The Hagerty Market Rating tracks the current status of the collector car market, measuring activity, directional momentum, and underlying strength. Expressed as a closed 0-100 score with an open-ended index (similar to the DJIA or NASDAQ Composite), it provides a snapshot of market health. For details on the calculation, read here.
Inflation Drives Market Rating Decline
In June 2024, the broader economy significantly impacted the collector car market. Monthly inflation reached 0.9%—the highest single-month reading since summer 2022—pushing the Hagerty Market Rating down by 0.11 points to 58.9.
For the past 15 months, the Market Rating has hovered between 58 and 61, lingering in the upper range of the "flat market" (50–60) territory. However, the Hagerty Market Index, an open-ended, stock-market-style version of the Market Rating, rose by 0.91 points this month—the largest single-month increase in over three years.

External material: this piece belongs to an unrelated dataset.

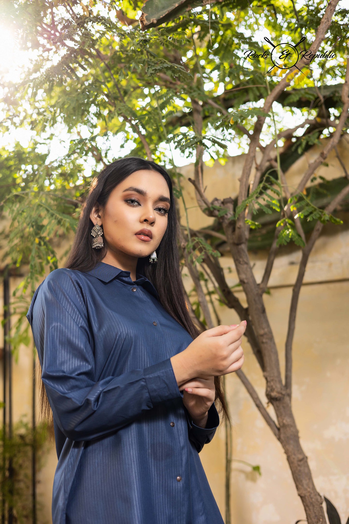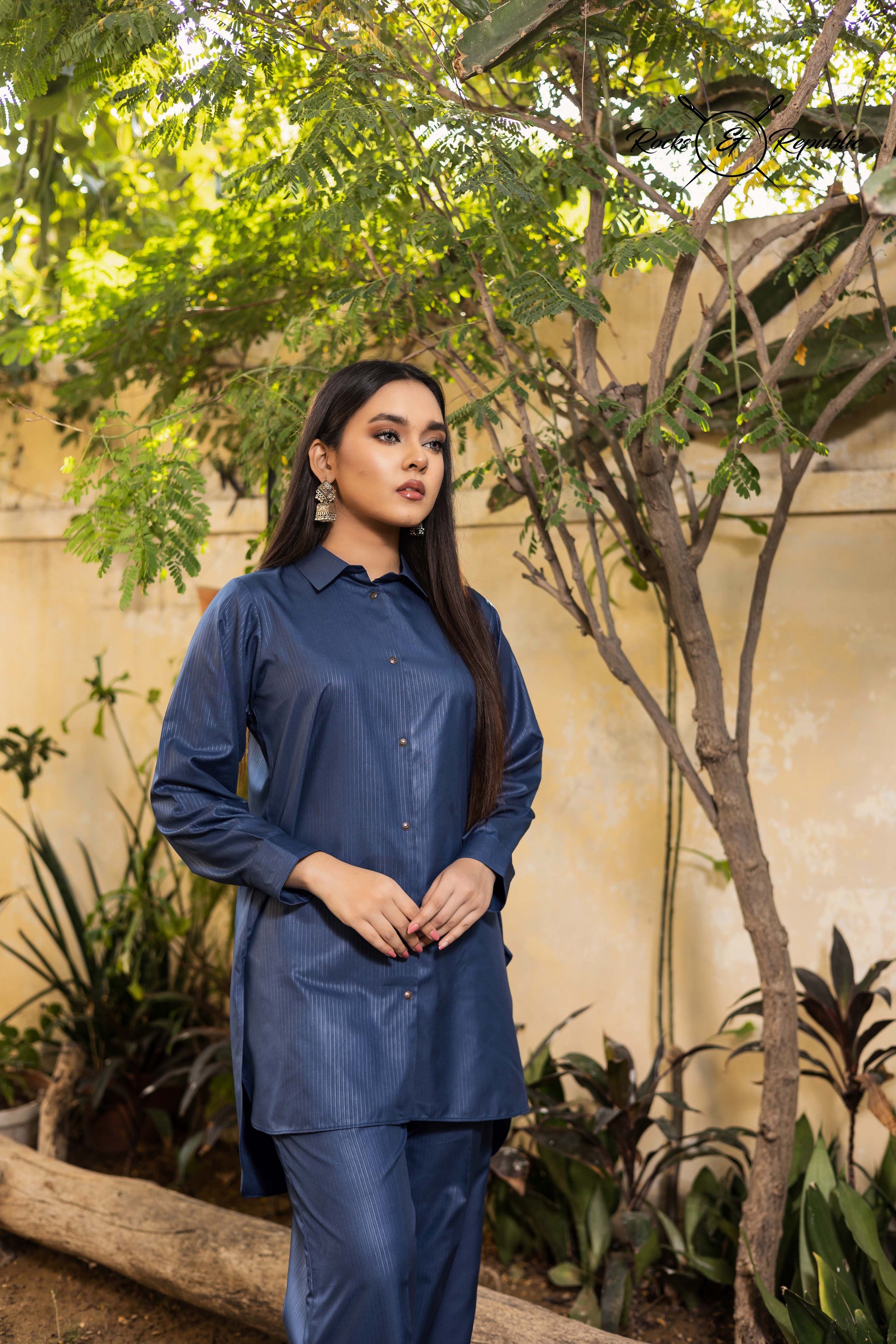 Cut : 2 pieces blended Cotton short length button down style shirt collar neck style , Enclosed with beautiful metal toned buttons. With Straight Wide pants. Sleeves with cuffs

The divergence stems from how the Market Rating penalizes high inflation more severely than the Market Index, which tracks raw numbers. Inflation adjustments in the Market Rating evaluate sale prices, meaning a sudden inflation spike makes already-soft market performance appear worse.
Auction and Private Sales Paint a Weak Picture
The Auction Median Sale Price fell another 0.71 points to a record low of $14.67 (adjusted for inflation). While nominal prices rose slightly from $26,513 to $26,565—a 0.2% increase—this growth was overshadowed by 0.9% inflation. The metric measures whether typical auction cars keep pace with the dollar’s buying power, and the recent decline extends a troubling trend.
Conversely, the Count of Cars climbed by 1.16 points to its best reading since December 2023, lifting the combined Auction Activity metric to 54.82—a 0.22-point increase. More cars are selling, but they’re fetching lower real-term prices.
Private sales activity tells an even weaker story. Private Sales Activity dropped 1.2 points to 63.7—the lowest reading since summer 2021. Collectors trading among themselves are doing so at lower prices, with only 35.2% of sales exceeding insured value—the second-lowest ratio in over four years. Since private transactions dominate the market, this persistent softness suggests broad-based weakness.
Top-Tier Market Holds Steady Amid Broader Decline
Earlier this month, the Hagerty Price Guide update revealed mixed trends across vehicle tiers. The high-end supercar segment continues to outperform, with values for many top-tier models doubling in the last few months. This lifted the Average Condition #3 Value by 1.03%, outpacing inflation.